Reduced DNA methylation levels of TEs along evolutionary ages

Recent studies have shown that recently duplicated genes were hypermethylated relative to older ones, and that duplicates show decreases in DNA methylation as evolutionary time passes (Keller and Yi, 2014). To explore the relationship between DNA methylation and TE insertion time, Kimura distances (Kimura, 1980) were calculated for all TE copies found in each family to estimate the age of TE insertion. Like the Ks value (synonymous substitution divergence), which estimates the age of duplicated genes, Kimura distance estimates are based on TE similarity: the presence of copies of TEs that are similar (i.e. a low Kimura distance) indicates recent insertion, while the presence of unique or divergent copies of TEs (i.e. a high Kimura distance) indicates that these TEs originate from relatively ancient transposition events. Consistent with a recent study regarding TE expansion in the tea genome (Xia et al., 2017), we observed a TE burst event around 20 Kimura distance (Figure S7). Like duplicated genes in human genome, we found a negative correlation between the age of TE insertion and DNA methylation level in all three sequence contexts (Figure 5a–c). Due to a TE burst event in the past (Kimura distance ~20), we found many TE copies with a Kimura distance of approximately 20. Among the three sequence contexts, the CHH methylation levels of different TEs showed greater reductions through evolutionary time (Figure 5d) than the CG and CHG methylation levels (Figure S8A,B). This implies that the RdDM pathway plays an important role in silencing recently active TEs but gradually loses its effectiveness in silencing more ancient ones.

Figure 5.

Figure 5

Association between the age of transposons and DNA methylation. A scatterplot showing the negative correlation between Kimura distance and CG (a), CHG (b) and CHH (c) DNA methylation. Kimura distance was used as a proxy for transposon age. (d) Boxplot showing the reduced CHH methylation of transposons as the Kimura distance increased.

Discussion

In this study, we provide the first high‐resolution genome‐wide DNA methylation map of the tea genome. Tea has numerous healthy and medicinal benefits for humans due to its abundance of secondary metabolites (Wei et al., 2018; Xia et al., 2017). Given the important role that DNA methylation plays in the control of gene expression and transposon silencing, our data serve as an important resource for the scientific and agronomic community.

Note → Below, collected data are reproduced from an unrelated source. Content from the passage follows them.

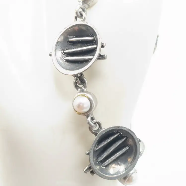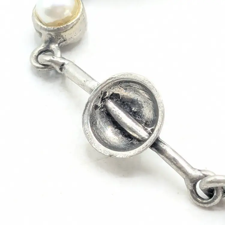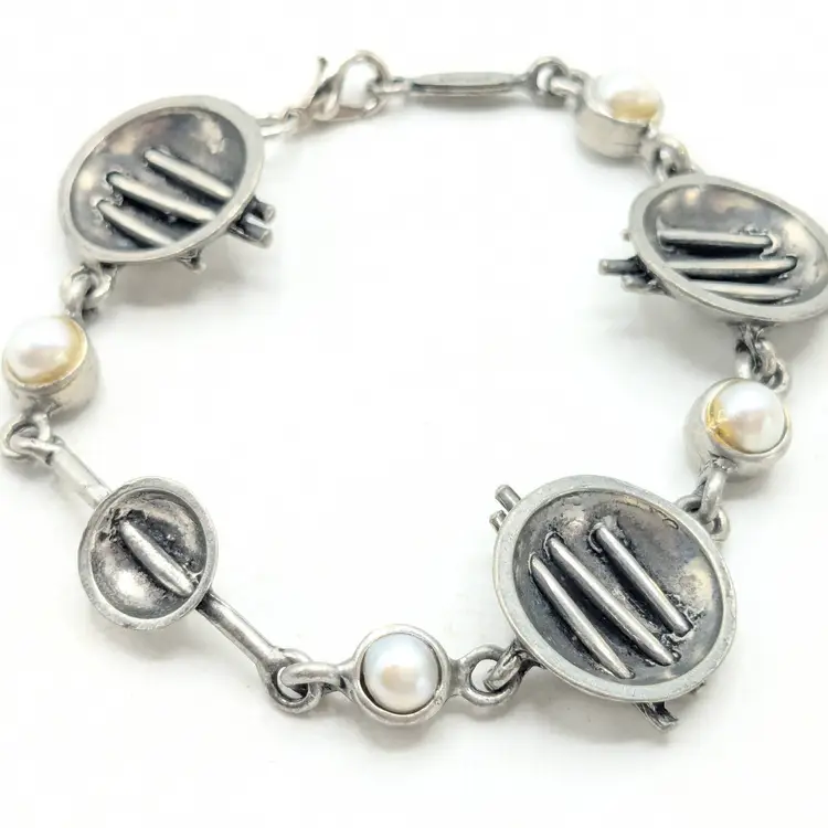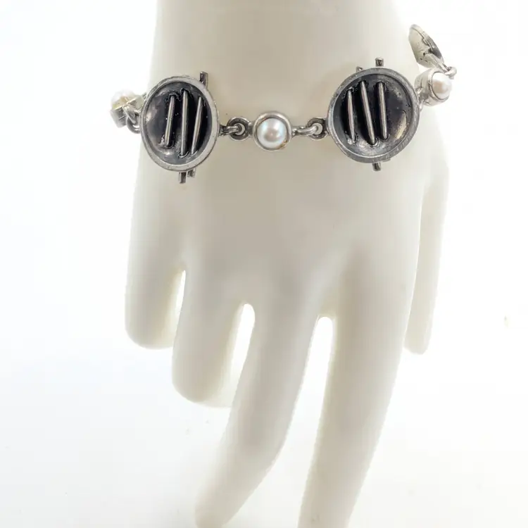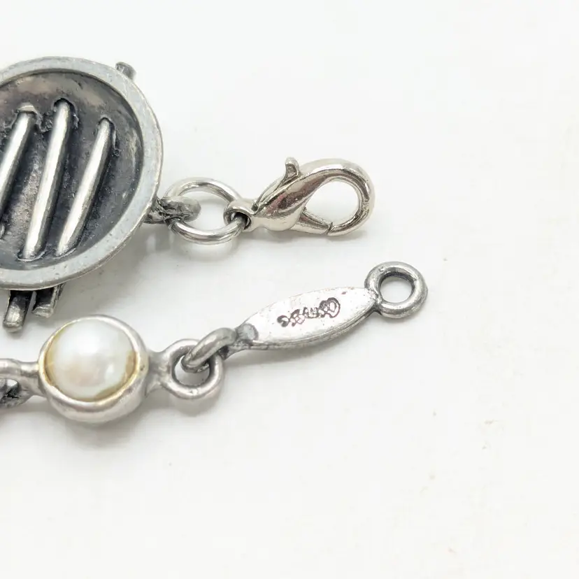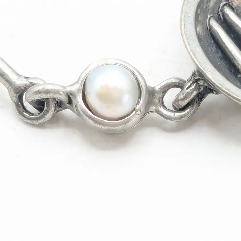 Good condition. Unique design. Features faux pearls. Signed, cannot make out signature. Made in Canada. Measures 7 1/4". EN3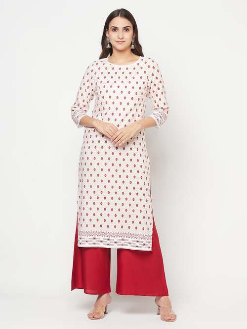 - Grab this beautiful kurta made up of rayon fabric featuring boat neck neck designs.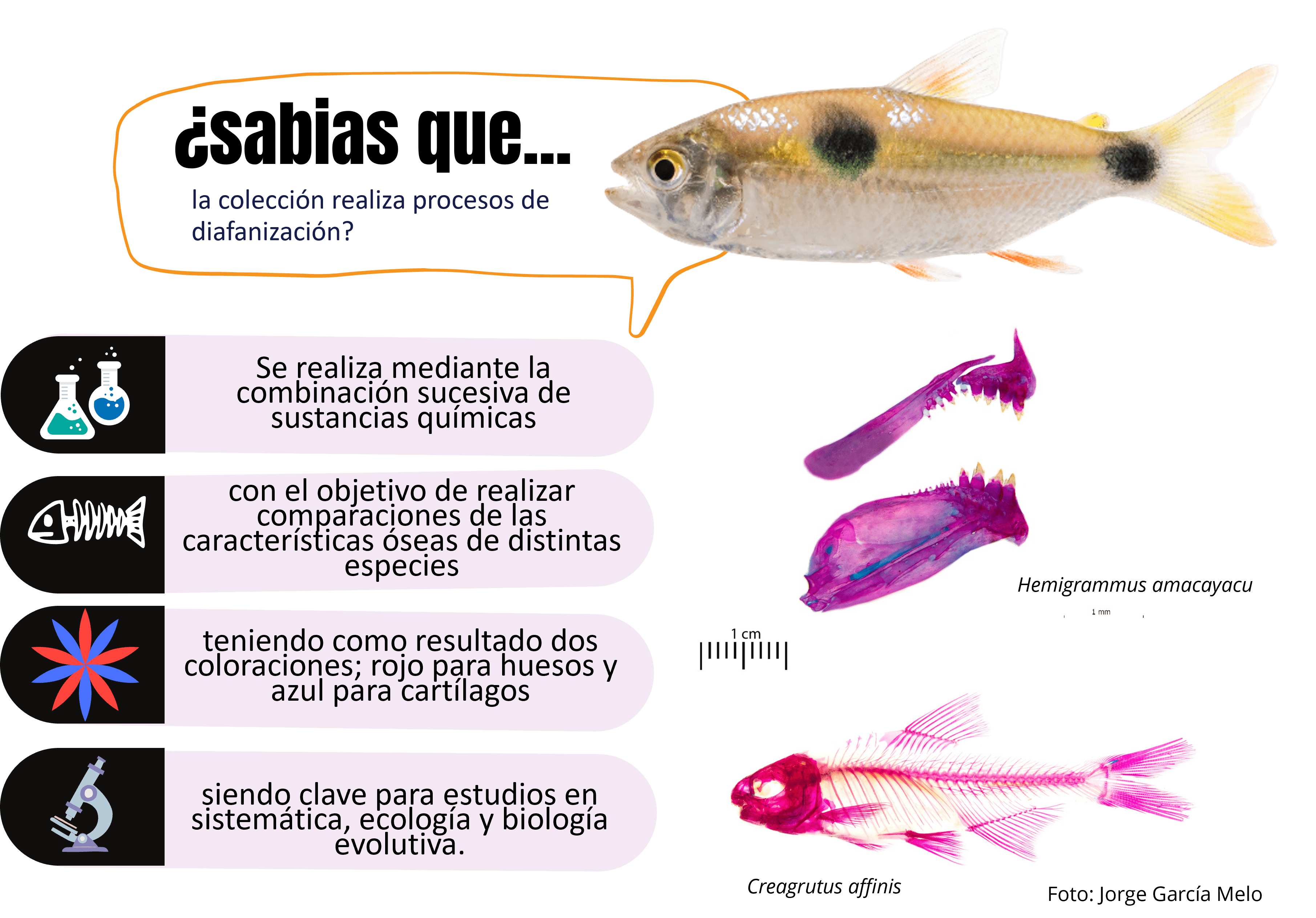Bióloga de la Universidad de la Amazonia, con interés en ecología y taxonomía de peces dulceacuícolas. Cuenta con experiencia en manejo de diferentes métodos de campo para estudios de diversidad de peces en ecosistemas acuáticos amazónicos y altoandinos. Cuenta con experiencia en curaduría, manejo y conservación de colecciones ictiológicas al igual que procesamiento de material biológico, toma de muestras de tejido en campo y protocolos de diafanizados. Ha realizado cursos en ciencia ciudadana y ecología de ríos, tras la implementación de aplicaciones enfocadas en el conocimiento y registro de la biodiversidad local, así como la identificación y cuantificación de problemáticas por contaminación en las redes hídricas.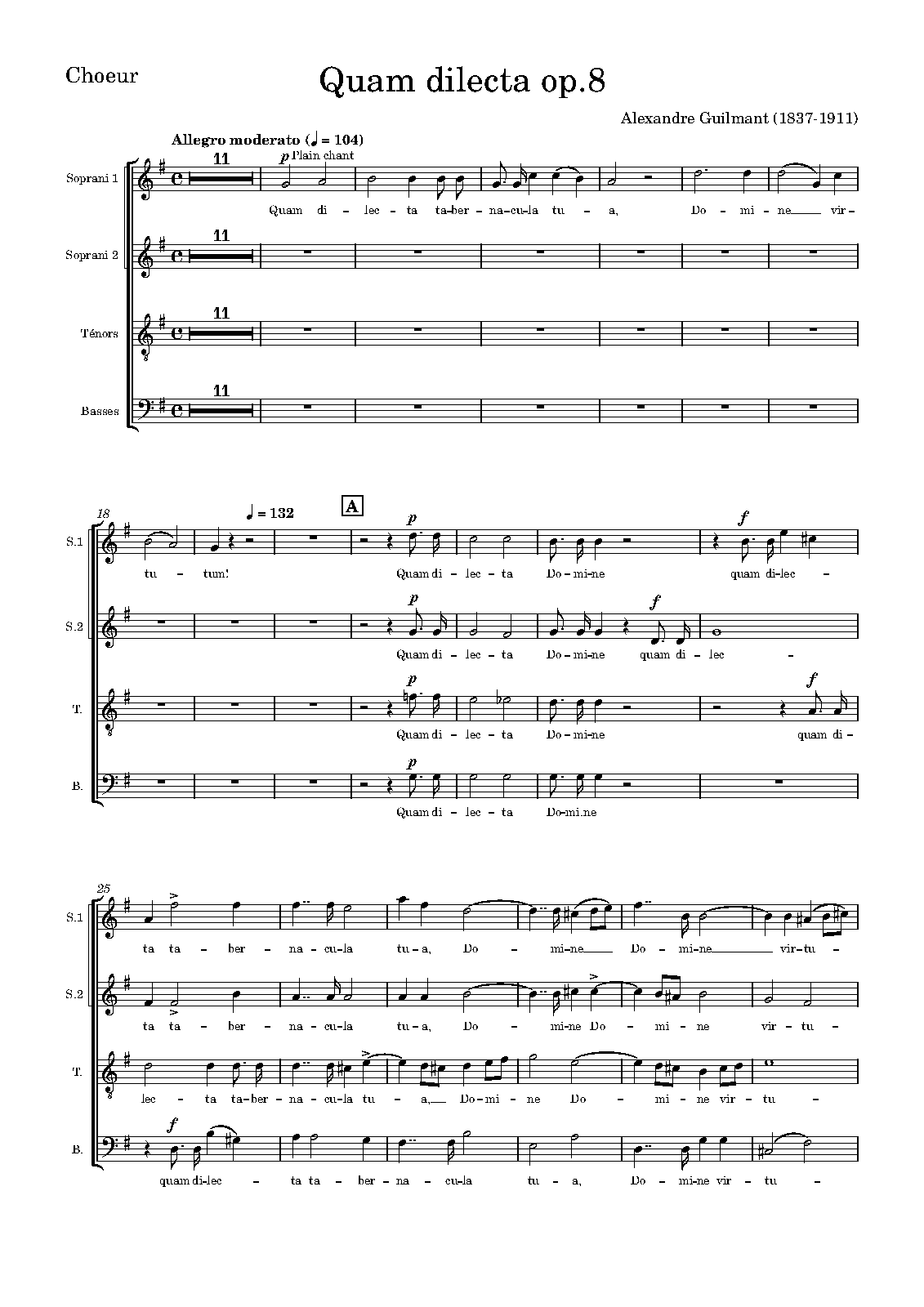| Alternative. Title | Quam dilecta (Psaume 83) à Quatre Voix Solos et Choeurs avec accompagnement d'orchestre ou d'orgue |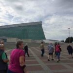 Auch in Ufa erspart uns die Stadtbesichtigung nicht, überrascht von der Großzügigkeit der Flächennutzung in dieser Millionenstadt zu sein. Da Ufa neben Russen einen Großteil tatarischer und baschkirischer Einwohner zählt, gibt es in der Stadt auch Moschehen, von denen wir eine besichtigen dürfen. Zunächst führt uns jedoch der Weg zum Denkmal des baschkirischen Nationalhelden Salawat Julajew. Ufa besitzt viele Grünflächen und Springbrunnen, von denen wir einige bei den Spaziergängen bewundern dürfen.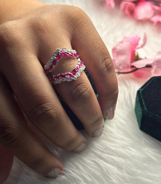 FIERY Marquise Cut Ruby and Sapphire Ring Guard 925 Sterling Silver Wedding Ring Jacket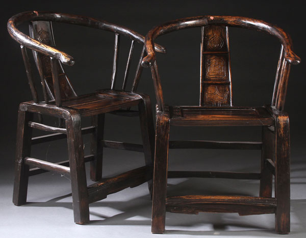 A PAIR OF CHINESE HORSESHOE BACK ARMCHAIRS, 20TH CENTURY. With carved backsplats. Height 35.75 inches (91 cm), width 26 inches (66 cm), depth 23.75 inches (60 cm).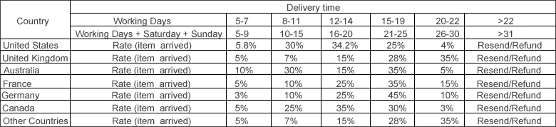 Мы приложим максимальные усилия для того, чтобы предоставить вам наиболее надежные и доступные способы доставки товаров. Но иногда, международная доставка сильно зависит от местная таможенная и почтовая служба. Если вы не можете получить свой заказ в соответствии с расписанием, пожалуйста, свяжитесь с нами, мы предложим вам услугу повторной продажи или возврата, пожалуйста, не сердитесь.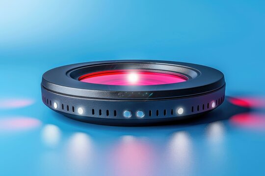 Round scanner processing data against glowing light on blue background.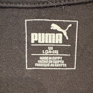 Sleek black tee featuring iconic white Puma logo. Comfortable and stylish.

In present study, we first identified DNA methylation related genes and found most of them have at least one copy in tea tree genome, and RNA‐seq data showed relatively high expression level, which is consistent to our RT‐PRC results (Figure S9 and Table S2). These data suggest DNA methylation pathway is conserved and functional in tea tree genome. Comparative analysis of the methylomes of tea, potato and tomato revealed that a considerable proportion of the variation of DNA methylation occurs between species. The greatest difference in DNA methylation between these species was observed in the CHG sequence context, one hypothesis is that tea may have a more robust maintenance methylation mechanism for CHG sites than potato and tomato. But weak DNA methylation correlations between the two strands of DNA were found at symmetrical CG and CHG sites in the tea genome, implying that the methylation maintenance pathway at CG and CHG sites are not as robust in tea as they are in potato and tomato. Tea also has higher TE contents in general than in potato and tomato, and recent studies have shown that both CG and CHG methylation levels are significantly positively correlated with TE content and genome size (Niederhuth et al., 2016; Takuno et al., 2016; Wang et al., 2018). Thus, the other hypothesis is that the superabundance of TEs presented in the tea genome has resulted in higher CHG methylation than is present in potato or tomato. We also observed that CHG methylation levels in both gene and TE regions were much higher in tea than in potato and tomato, which also suggests an effect of genic TE insertions generated from a TE burst event. Furthermore, we also observed that many genes encoding secondary metabolism were TE‐associated genes, such as caffeine, theanine and flavonoid metabolic pathway genes. This implies that epigenetic modifications such as DNA methylation may affect tea flavour by regulating secondary metabolic pathways.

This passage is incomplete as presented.